Sunday, January 18, 2009

Circuit City, R.I.P.

Not that folks who read TPMtoday don't already know, but just for the record: Circuit City is closing down. The first thing to do is to offer best wishes to the 30,000 people who will be losing their jobs.

Beyond that, it is time to reflect again on the narrowing of distribution channels. A few years ago, the toy channel consolidated down to only Toys R Us (and Walmart), and now consumer electronics (which lost CompUSA and Tweeter in 2008) consists of Best Buy (and Walmart).

Here's a post from early 2007:
I've often advanced this theory (as have others), which says that we are moving toward a retail landscape in which there will be only two significant outlets in each channel. I've used as examples:
  • Best Buy/Circuit City
  • Home Depot/Lowe's
  • Barnes & Noble/Borders
  • Target/Wal-Mart
  • Kroger/Super-Valu
  • etc.

There are a corollary and a variant to this theory. The Manufacturers’ Corollary holds that there will be only two suppliers in each product category. The logic behind this is that suppliers will have to be large enough to deal with the retail giants, and is supported by the tendency of the retailers to want to improve efficiency by winnowing their supplier base. Supporters of this corollary point to P&G’s acquisition of Gillette.

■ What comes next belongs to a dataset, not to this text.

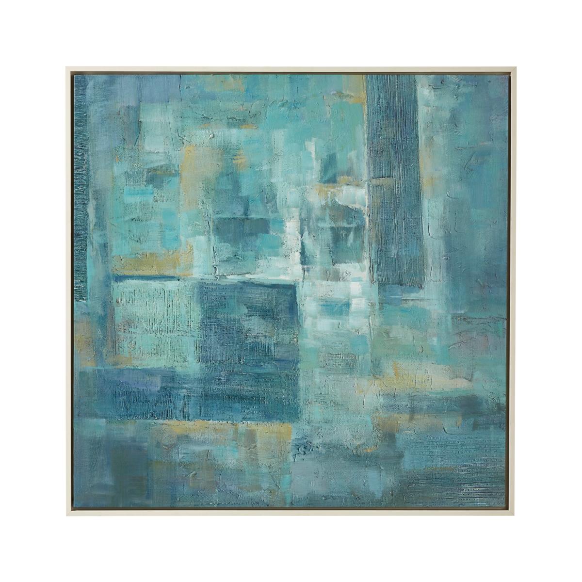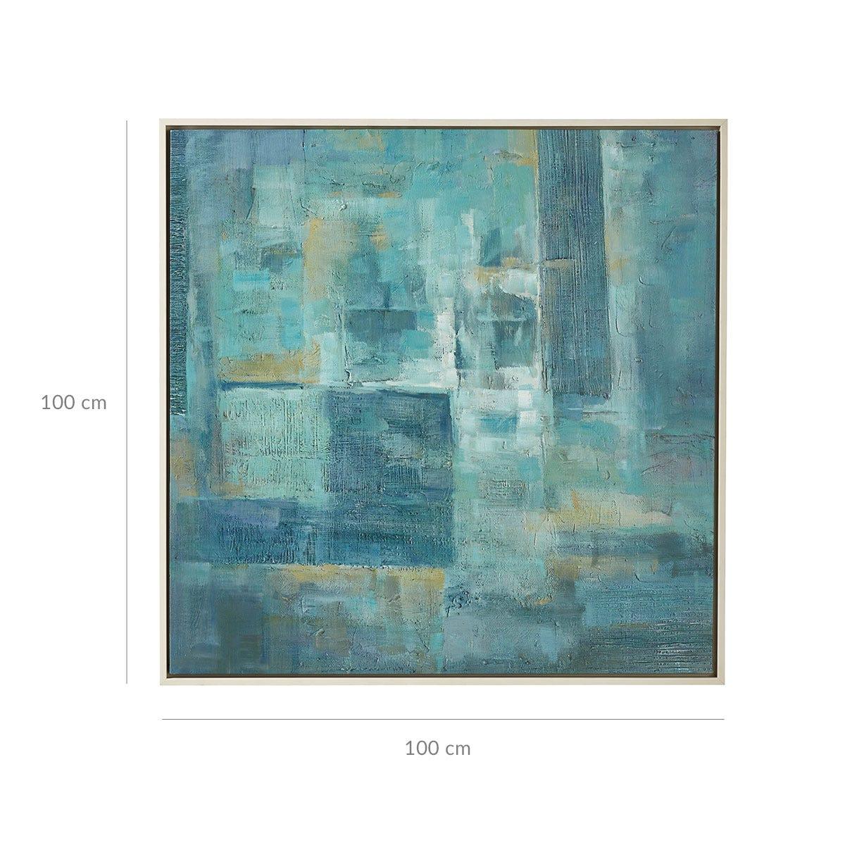 This bold oil on canvas is created using impasto, a technique favoured by Van Gogh, where the paint is layered so thickly that you can see the intricacies of each brush stroke and a textured effect is created. With a cool palette of blues and greens, and a dash of yellow, this piece lends contemporary artistic appeal wherever it is placed. Modern Impasto Landscape Oil Painting - Seagreen

They argue that P&G was already bigger than its competitors, so the acquisition was not intended primarily to strengthen their hand vis-à-vis Unilever, but rather its purpose was to allow them to sit at the table with Wal-Mart as equals.

Which brings up the Wal-Mart Variant to the Two-Per-Channel Theory. It holds that the final two in each channel will be:
  • Best Buy/Wal-Mart
  • Home Depot/Wal-Mart
  • Barnes & Noble/Wal-Mart
  • Target/Wal-Mart
  • Kroger/Wal-Mart
  • etc.
It's certainly beginning to look like the betting should be on the Walmart Variant.